Он так никогда и не свыкся с этим бойкотом.

К детям он испытывал отвращение и страх.

Собак, за их очевидность, он презирал, кошек он не любил, но кошек не любил меньше, чем собак и детей.

Внешность всевозможных домашних животных была ему неприятна, за исключением необычайной морды осла, анфас. И еще иногда, шагая по полям, он испытывал большое желание увидеть жеребенка, жеребенка старой скаковой кобылы, примостившегося под огромным телом матери.

Дело все в том, что, как нам представляется, он страстно желал оказаться один в комнате, где бы мог смотреться в зеркало, и тщательно копать в носу, и в особенности старательно чесать свою личность, во всех местах, где его мучил зуд, столько, сколько потребуется, не испытывая стыда. А еще он хотел себя троглодировать, даже если не всегда успешно, но столько, сколько его душе было угодно, с грохотом захлопнув дверь, потушив факел, он хотел ни для кого не быть дома.

Разрушение своих ног он склонен был приписывать двум обстоятельствам.

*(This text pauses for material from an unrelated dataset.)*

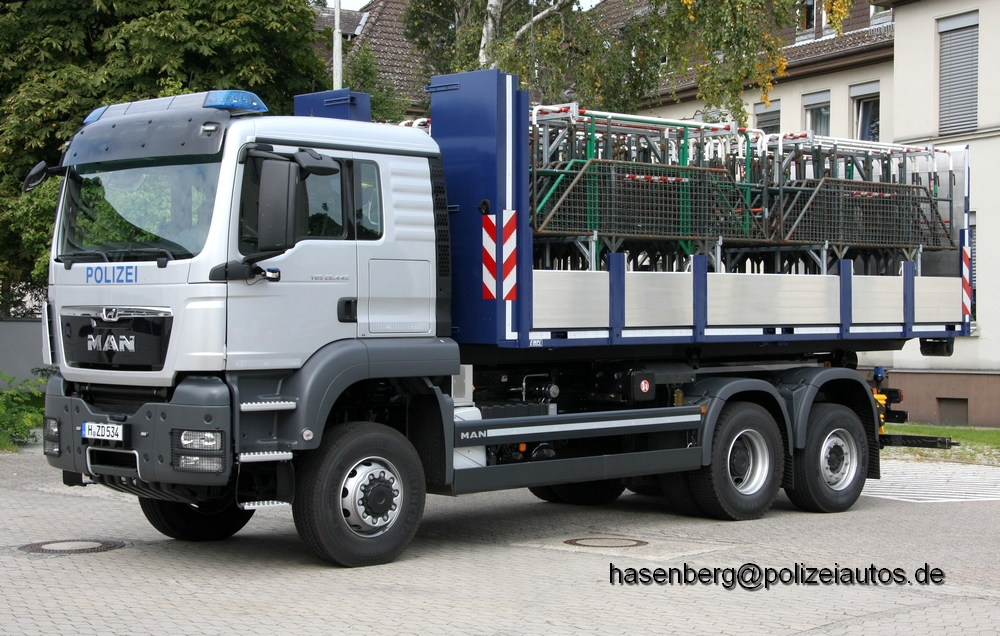 | Beschreibung: | Wechselladerfahrzeug der Polizei Niedersachsen.

Во-первых: еще ребенком, стесняясь своих деформированных конечностей, стукающихся друг о друга коленок, он старался ступать на внешнюю сторону ноги. Храбро отталкиваясь от земной поверхности мизинцем стопы и наружной лодыжкой, он надеялся, наперекор всякой вероятности, впустить немного света между бедрами, расширить бедренный просвет и, может быть, даже привнести в свою походку некую ноту косолапого изящества. В итоге, увы, его лодыжка навсегда распухла, предплюсна исказилась, а таз потерял последние следы мужской привлекательности и всякую силу убеждения.

Во-вторых: юношей, испытывая раздражение по поводу величины своих ног и при этом презирая спортивные ботинки, он обувался, а-ля жиголо (каковым никогда не был), в чудовищно тесные лакированные туфли.

Однажды, в деревеньке, где жили пожилые крестьяне и крестьянки и их болезненные внуки (сильные и здоровые давно уехали в город), посреди долины (оглядываясь, мы видим, какая это была чудесная долина), что так неравномерно располагается между озером Комо и безымянной точкой на озере Лугано, в прелестной Валь д'Интельви, затененной с севера и юга или, может быть, с северо-востока и юго-запада примечательными вершинами Дженерозо и Гальбига, он увидел, как совсем неоперившийся синьорино подбивает внушительного вида горные ботинки. Сапожник сидел в темной мастерской, он вертел ботинки так и эдак, осматривая подметку и передок.

— Oh! — воскликнул мальчишка, — la bella morbidezza! Babbo ё morto. Si, e morto.[314]

Вообразите лукавство, с которым были сплетены два этих утверждения: второе из них было, очевидно, правдивым, и ни у одного из сыновних клиентов Пьемонта не хватило бы духа оспаривать первое.

Белаква купил ботинки, он купил их за 100 лир или около того, на здоровые и сильные ноги деньги были бы потрачены не напрасно. Утром, в прекрасном настроении, он загромыхал ими по дороге, презрев мольбы друга:

— Сделай, как я, надень две пары носков, хорошенько обмотай ноги тряпками, стельки натри мылом.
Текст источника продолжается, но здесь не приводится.